South Korean Man Acquitted For Following North Korea On Twitter

The 73-year-old still faces jail time for posting pro-North blog posts.
 The South doesn't allow its citizens to support North Korean leader Kim Jong-un's communist kingdom in any context
 The South doesn't allow its citizens to support North Korean leader Kim Jong-un's communist kingdom in any context, and one South Korean man was charged with a crime for just following the North on Twitter.

Following North Korea on Twitter is not a crime, a South Korean court ruled Thursday.

A 73-year-old South Korean man was accused of distributing pro-North Korea propaganda after he followed the country’s official account on the social network. Prosecutors alleged the former journalist, identified only as Lee, was sympathizing with North Korean leader Kim Jong-un’s communist kingdom ― an illegal act under South Korean law.

South Korea’s controversial National Security Law criminalizes “anti-state” acts and forbids citizens from supporting the North in any context. But because Lee didn’t retweet any posts, he was found not guilty of sharing or distributing North Korean content and was acquitted, The Guardian reports.

But even if his Twitter profile didn’t land him behind bars, his personal blog did. The Korea Times reports Lee was sentenced him to a year in jail anyway for praising the North on his blog years ago.

Human rights groups and other critics have pointed out that these South Korean “security” measures are simply a way to censor citizens. The National Security Law “continues to be used as a tool to attempt to silence dissent, and to harass and arbitrarily prosecute individuals and civil society organizations who are peacefully exercising their rights to freedom of expression, opinion and association,” argued Amnesty International in a 2012 report.
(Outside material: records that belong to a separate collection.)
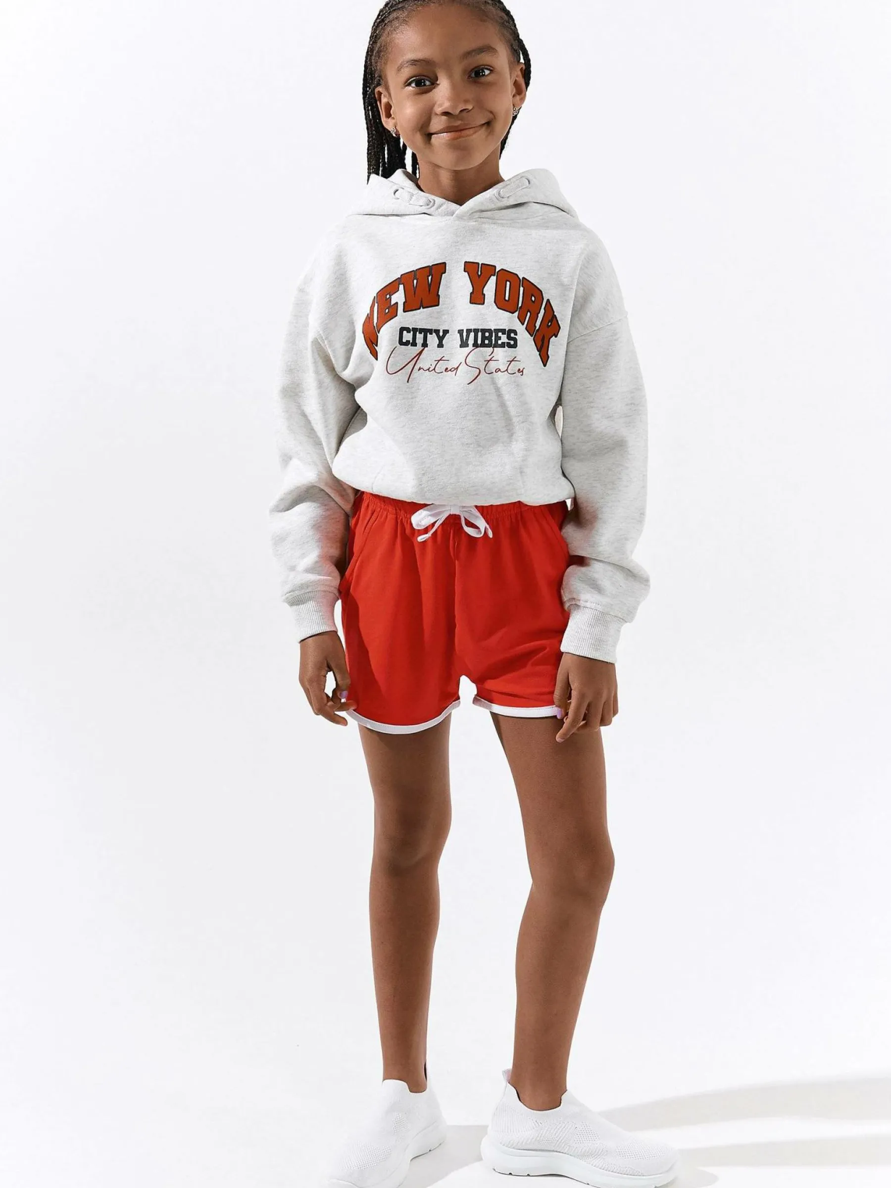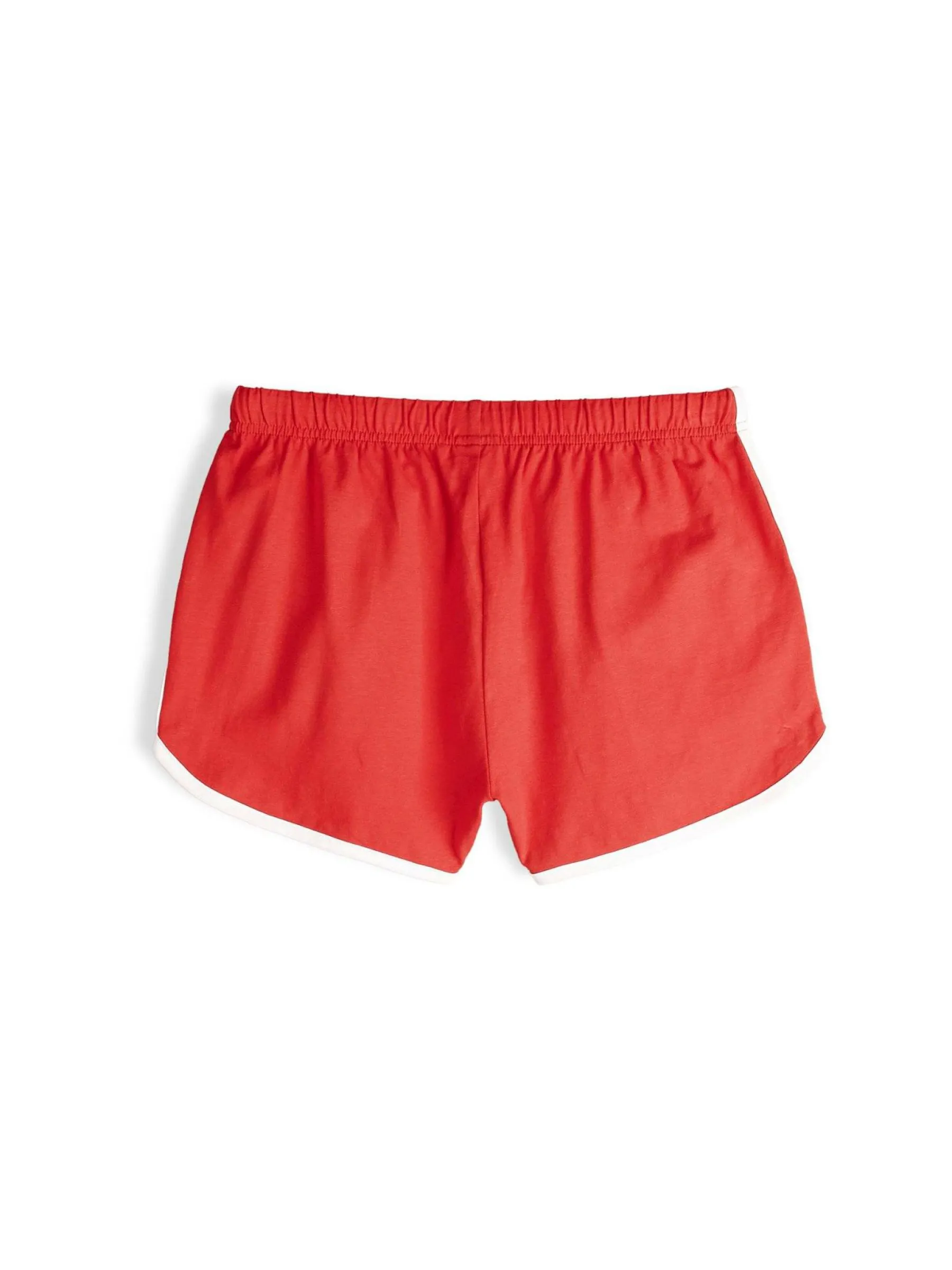 Kolor: czerwonyKrój: straightTyp: spodenkiDługość: krótkiPattern style: pojedynczy kolorDetal: ze sznurowaniem, z k…
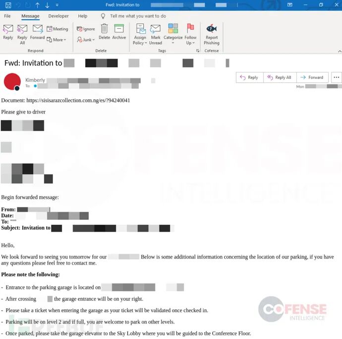 收件人会认为发件人是可信的,如下所示为一个真实的钓鱼邮件示例。钓鱼邮件发送到收件箱的钓鱼邮件,其中包含恶意链接。
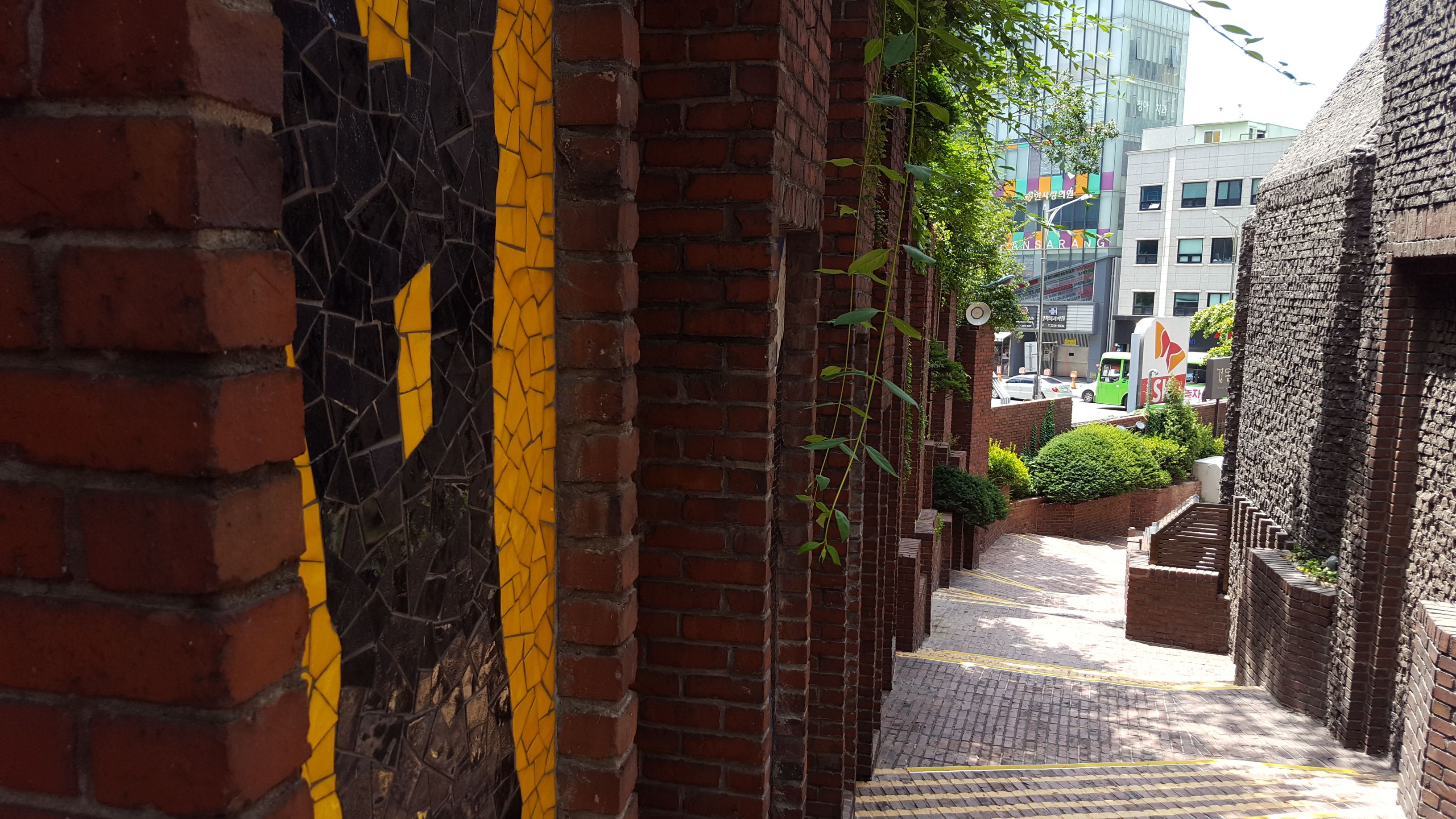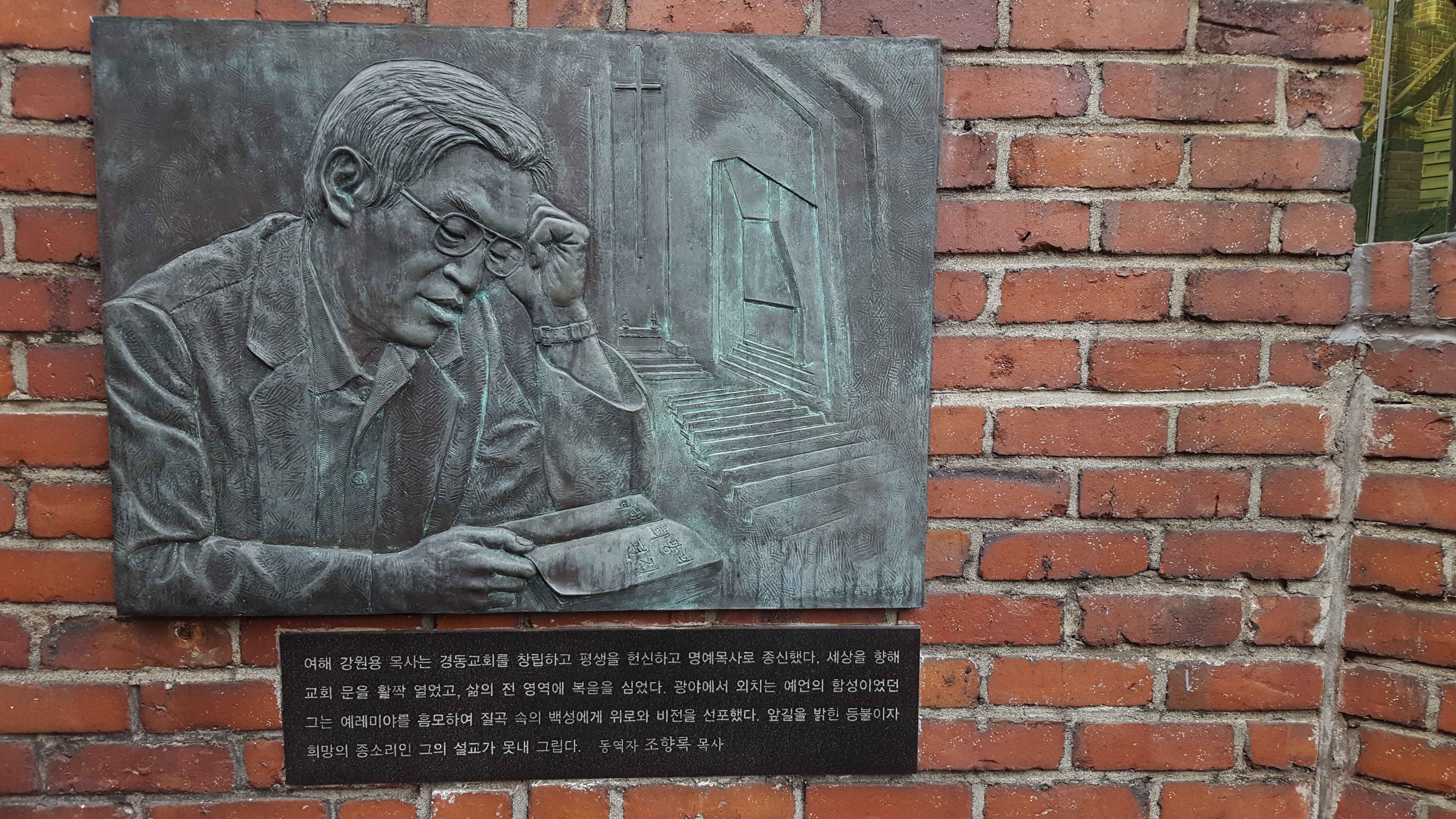 한 번은 와보겠다 마음먹은 지금의 건물도 대화와 포용을 생각하게 만든다. 거대하게 솟은 빨간 벽돌들은 이곳이 교회구나 생각이 들도록 한데 모였고 금빛 ‘경동교회’ 간판은 빨간 벽돌과 조화를 이룬다. 마치 카타콤처럼 어둡기도 하다.

Tensions are running high again between North and South Korea. The North recently claimed it had successfully tested a hydrogen bomb. While some experts dispute this is actually true, the announcement prompted a fierce response from the nation’s southern neighbor.

Days after the bomb announcement, South Korean President Park Geun-hye urged China to punish North Korea. China is the closest thing to an ally that North Korea has.

“The best partners are those who will hold your hand in difficult times,” she said in a speech. “I do believe China will play a necessary role as a permanent member of the United Nations Security Council.”

South Korea also blasted its popular K-pop music across the border into North Korea, where such fun is prohibited.